De quoi s'agit-il ? Disons un mot d'abord de celui qu'on appelle le Bouddha. Le Bouddha historique, Sâkyamuna (VIe siècle avant le Christ), est la manifestation en un corps humain de l'essence de la bouddhéité. Bouddha peut se traduire par l'Éveille, l'Illuminé. Il n'a pas fait œuvre de philosophe ni de théologien. Il a voulu faire œuvre de médecin et ouvrir aux hommes une voie qui leur permette d'échapper aux maux de l'existence humaine pour parvenir à la délivrance du cycle de la souffrance, de la vieillesse et de la mort, pour se délivrer de tout ce qui est partiel, passager, illusoire, donc de tout ce qui appartient à notre monde terrestre et humain. Au terme de cette voie, l'homme atteint au Nirvana : dépassement de toutes nos limitations et accès au-delà de tout le terrestre, de l'humain et de soi-même, à la saisie intuitive du Tout, d'un vide plein. Cet état, au moins pour certains bouddhistes, est béatitude, quelque chose d'immortel, parce que parfait, et qui échappe ainsi au cycle des réincarnations.

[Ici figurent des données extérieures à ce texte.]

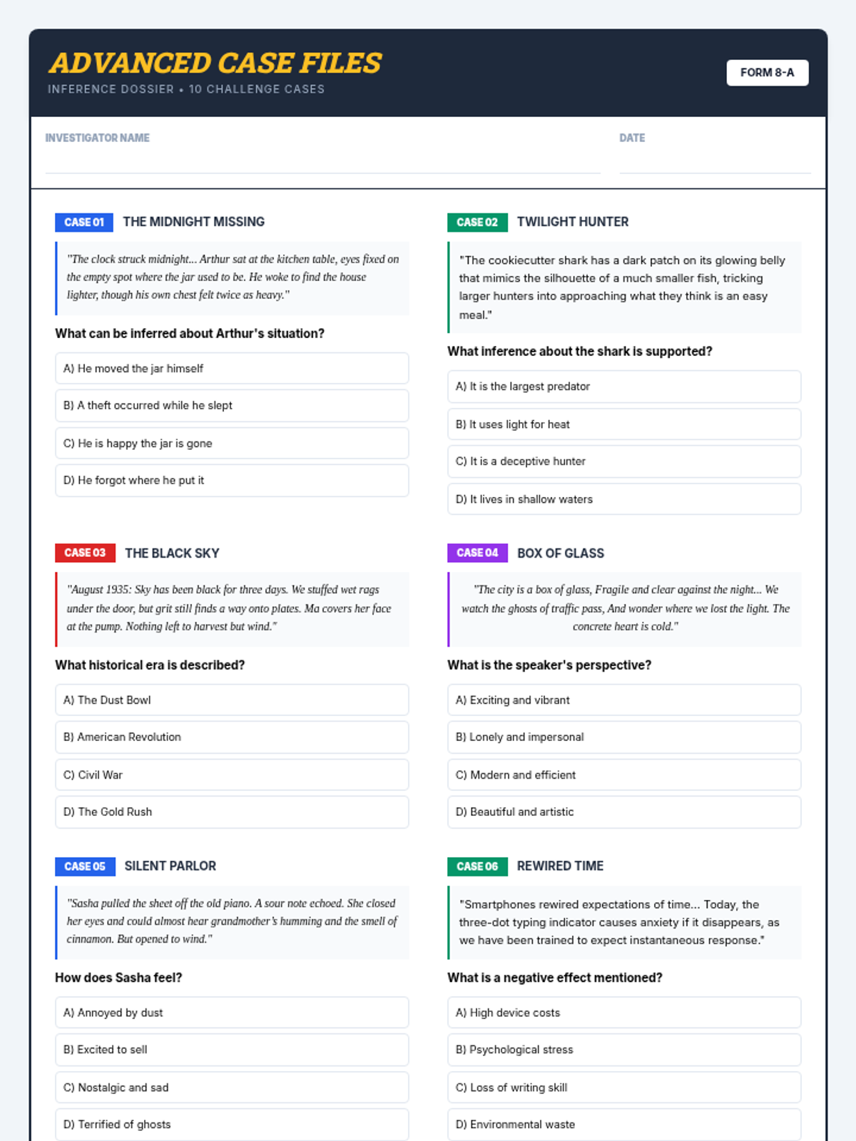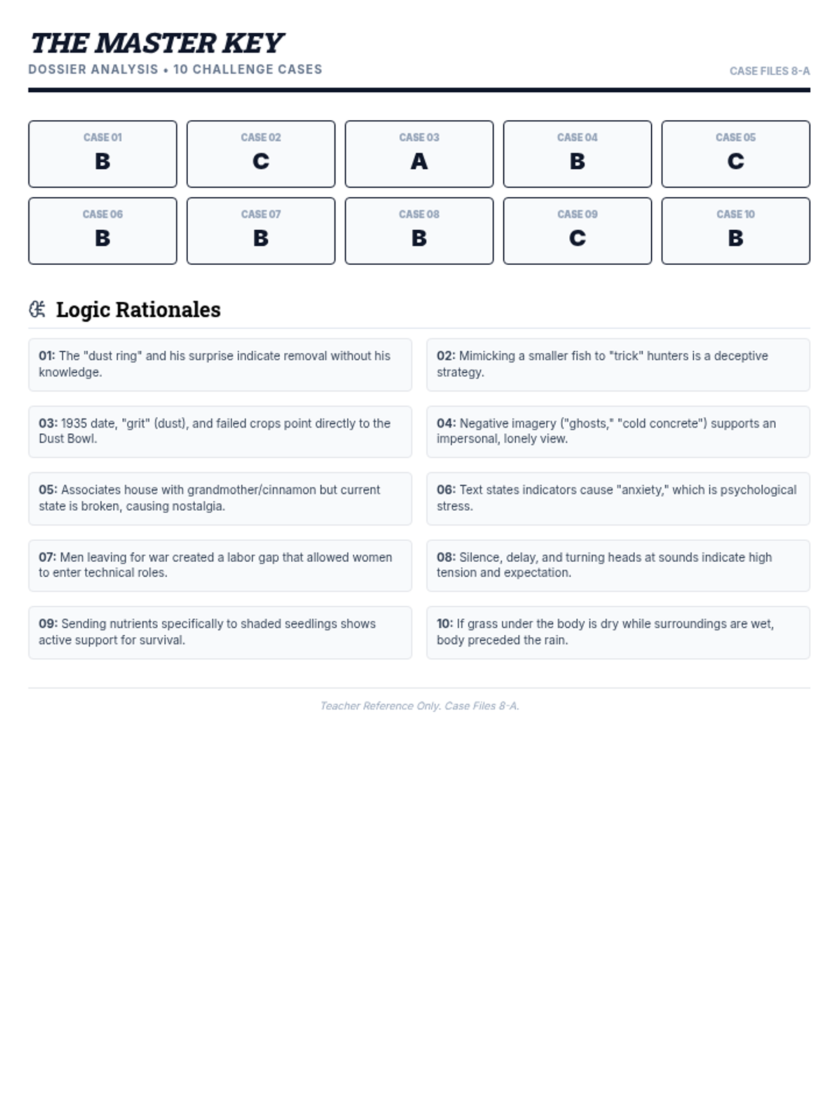 A student reference sheet defining key literary devices (Imagery, Dialogue, Narration, Indirect Characterization) with examples.

La voie du Bouddha est ouverte à chacun parce qu'au fond de son être chacun participe à la nature du Bouddha. L'Éveil est au fond la réalisation pleine de ce que chacun a toujours été au fond de son être. Ainsi, choisir de suivre la voie du Bouddha est le seul moyen grâce auquel on peut espérer réaliser la vérité de sa propre nature.
Le dépassement nécessaire de soi, de ce que nous appelons personne, est le passage obligé pour atteindre au vide plein. Telle est la voie où s'engage le bouddhiste zen conséquent, le chercheur de l'Ultime. C'est une voie essentiellement pratique, pour laquelle l'étude et la doctrine ne servent à rien, sinon à encombrer. Voie d'ascèse austère et dure : regard, volonté propre, langage, actions, moyens et modes d'existence, tout cela doit être purifié pour domestiquer le corps, tarir les illusions de l'esprit et les passions du cœur, pour se libérer de tout désir et eue prêt à la révélation — généralement passagère, mais réitérable — de l'intuition nue de l'être : un vide plein.
C'est c...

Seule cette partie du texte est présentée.